The project at VT, under Dr. Christopher Williams, has been brewing for a few years, but fully ignited when a group of undergrads wanted to 3D print a drone and then fly it off the build plate when done. While 3D printing all of the components proved difficult, the group sidestepped that question and asked, “is there a way to print 90% of the drone and then utilize robotic assembly to incorporate the remaining 10%?”

The answer? Yes. 

Prof. Williams’ Lab had already developed many of the individual elements needed to make this idea a reality, and now, all the group had to do was put the pieces together. That was no easy task, and the undergrads trialed numerous methods to find which combination would work the best. The team ultimately landed on a robotic arm that gave them the freedom in movement they desired and allowed them to easily transition from 3D printing to assembly and vice versa.

Team leader Tadek Kosmal works with the team as the robotic arm prints a drone chassis.

Team leader, Tadek Kosmal, working with colleagues. (Source: Virginia Tech)

“The flexibility of robotic arms allows us to change tools mid-print so that we can place foreign objects such as motors, batteries, and wires into the object while it is being printed,” Williams said. “This provided us with a path to fabricating complete functional mechatronic assemblies in a single robotic work cell.”

Over the next several months, the students tweaked their work cell little by little until they exorcized all of the bad code, bad prints, and bad assemblies out of their machine.
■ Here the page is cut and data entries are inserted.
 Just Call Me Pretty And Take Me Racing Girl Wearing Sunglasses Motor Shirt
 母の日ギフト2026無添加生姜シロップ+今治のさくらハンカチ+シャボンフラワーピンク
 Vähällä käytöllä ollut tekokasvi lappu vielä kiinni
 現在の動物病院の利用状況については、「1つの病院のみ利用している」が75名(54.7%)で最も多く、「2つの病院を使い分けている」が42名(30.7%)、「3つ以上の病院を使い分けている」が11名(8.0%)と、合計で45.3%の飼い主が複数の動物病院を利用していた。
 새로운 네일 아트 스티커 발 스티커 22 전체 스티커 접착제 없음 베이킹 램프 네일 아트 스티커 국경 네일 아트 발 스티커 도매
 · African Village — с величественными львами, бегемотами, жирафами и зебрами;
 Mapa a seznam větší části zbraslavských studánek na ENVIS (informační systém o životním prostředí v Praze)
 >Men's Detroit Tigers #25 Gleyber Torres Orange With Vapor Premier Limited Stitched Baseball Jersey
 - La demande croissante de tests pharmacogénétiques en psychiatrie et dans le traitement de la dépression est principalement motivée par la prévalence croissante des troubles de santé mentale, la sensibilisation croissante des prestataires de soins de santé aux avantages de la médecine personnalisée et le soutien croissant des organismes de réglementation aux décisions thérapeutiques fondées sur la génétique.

After the countless hours spent debugging, they finally had their first successful print and launch on April 25th, 2022

The DREAMS team celebrated their gold medal quickly, and are already designing version 2.0. 

Their new set up will attempt to incorporate larger robots and synchronize them into a “mechanical ballet”. They hope to increase the sizes of the prints and build them as efficiently as possible. 
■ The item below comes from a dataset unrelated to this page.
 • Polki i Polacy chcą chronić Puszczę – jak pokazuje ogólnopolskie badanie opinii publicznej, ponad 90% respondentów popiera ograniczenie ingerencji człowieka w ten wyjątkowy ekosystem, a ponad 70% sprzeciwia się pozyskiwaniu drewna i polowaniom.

The larger robot prints a drone chassis while its bank of tools awaits deployment.

Version 2.0 of their work cell using a larger robot to print a drone. (Source: Virginia Tech)

“I think this project speaks to the future of additive manufacturing,” said Williams. “It is time to move beyond printing static parts in premade boxes and time to start thinking of ways to integrate 3D printing technology into advanced manufacturing workflows to enable the creation of truly multifunctional products.”

There is a lot of potential with this work cell and could immediately be used to make reconnaissance vehicles for unmanned missions on Mars and here on Earth. Time will tell if this machinery will be the Tchaikovsky of the additive manufacturing world, but even if it is only an Adolphe Adam, it would still be groundbreaking for the field of 3D printing and assembly.

The full peer reviewed article can be found here. This project received an initial $75,000 from the NASA University Student Research Challenge and was followed by an additional $40,000 in funding from Boeing, Braskem, Cube Pilot, KDE Direct, Northrop Grumman, RoboDK, Stäubli, and Xoar.